Networks Pull Back on Ray Rice Domestic Violence Video
Footage of his violent elevator attack on then-fiancee Janay Palmer is getting less play
The video of former Baltimore Ravens running back Ray Rice hitting then-fiancee Janay Palmer may still be dominating news coverage, but the contents of that footage may be getting considerably less TV play.
Several television networks announced Thursday that coverage of Rice's firing over the abuse and the fallout in the NFL will include less footage of the video — if any at all. As first reported by the AP, it's now out of rotation unless there's a "compelling" news rationale to bring it back. The graphic clip shows Rice punching Palmer in an Atlantic City casino elevator and dragging her outside.
To say the footage has caused outrage would be an understatement. Pundits have been firing at the NFL for not properly handling the situation when Rice and Palmer were first arrested for assault in February. After TMZ released the video Monday, and the Ravens promptly fired Rice, the story entered heavy rotation on the news and has prompted an internal investigation at the NFL over when leadership first saw the extent of the abuse.
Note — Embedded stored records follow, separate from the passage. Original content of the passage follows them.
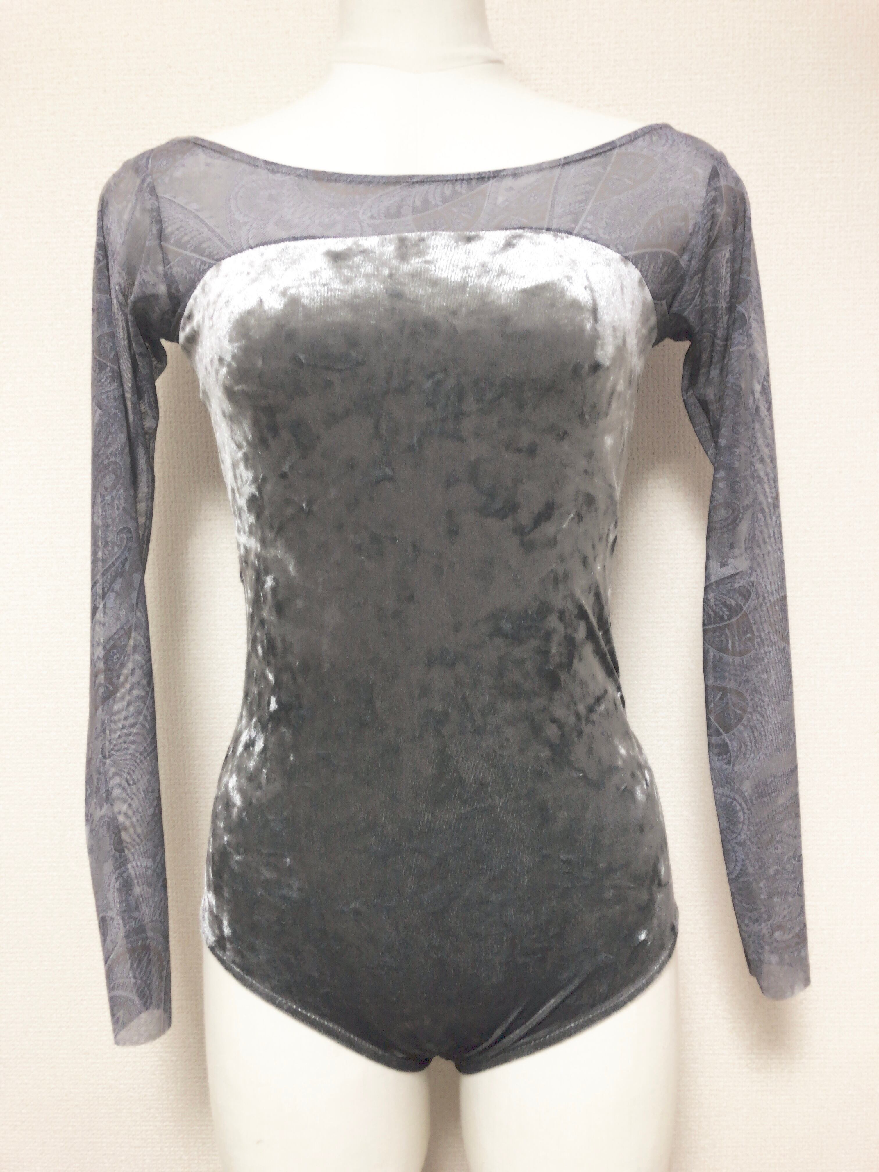 シルバーのベルベット生地にペイズリー柄の様なメッシュ生地を合わせました。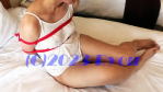 彼女をベッドに横向きに寝かせると、初めての緊縛ながらも安心している様子でした。 |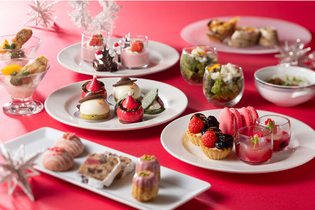 11月11日(土)より始まる第一弾『SWEET SENSATION(スイート センセーション) ~Happy Holidays(ハッピー ホリデーズ)~』は、クリスマスに向けてはやる気持ちを込めたオーナメント型のいちごスイーツをラインナップ。スノーマンに見立てたなめらかなホワイトチョコレートのムースや、キャンドルをモチーフにした上品ないちごのブランマンジェ、クリスマスリースをイメージした甘い香りのベリーのタルト。そのほか、いちご餡とクリームチーズをパイ生地で包みカヌレの形に焼き上げた進化系スイーツのパヌレや、いちごの生地にプラリネをトッピングしたスコーンやセイボリーなどが並びます。ウイークエンド限定のスペシャリテには、デザートの女王と称される「ジュビレ」をご用意。熱々のいちごソースとバニラアイスクリームが絶妙な味わいです。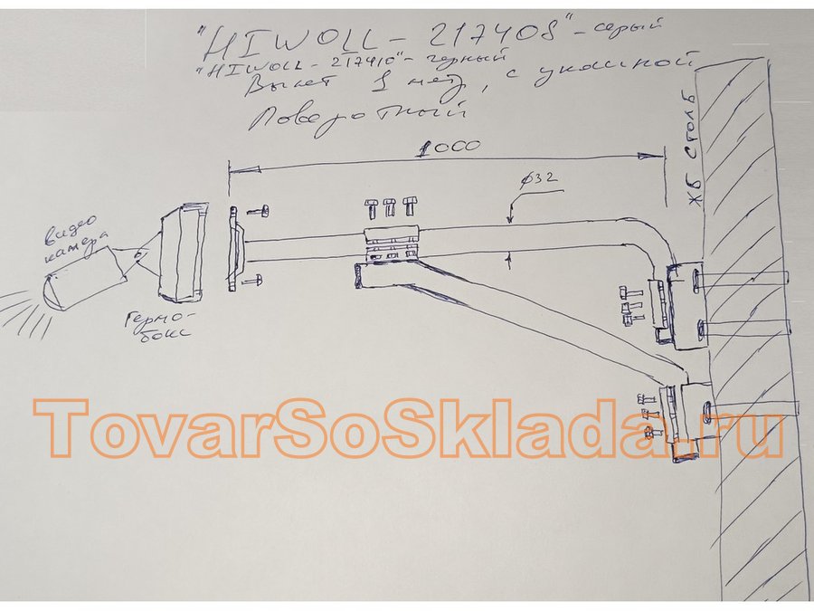 Кронштейн "HIWOLL-217411" на столб для видеокамеры, вылет 100см, с укосиной, серый, сталь
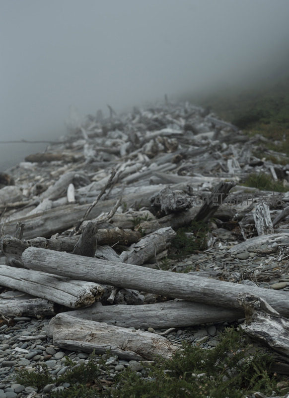 浓雾中的海岸,一堆堆被潮水推上岸的枯木如同天然雕塑,错落有致地分布在石滩上,与周围的绿植和远山共同构成一幅沉静而富有张力的画面。

"The video has been seen enough for viewers to clearly know what happened, and make their own judgments about what should happen next," said Fox News Channel exec vp Michael Clemente. "Our judgment is that continuing to show it is simply overdoing it for shock value, and not for journalistic reasons."
ESPN, which has had the most opportunity to cover the story, hasn't played the clip since Tuesday. Palmer (now Rice, since the pair married in March, has spoken out against the running of the video.)
Drawing a great deal of negative attention to the NFL and commissioner Roger Goodell, the Rice story has remained one of the most heavily covered of the week — even as President Obama publicly addressed the ongoing air strikes against the Islamic State of Iraq and Greater Syria (ISIS).
CNN, ABC and Fox Sports also were among those networks cutting back on the video.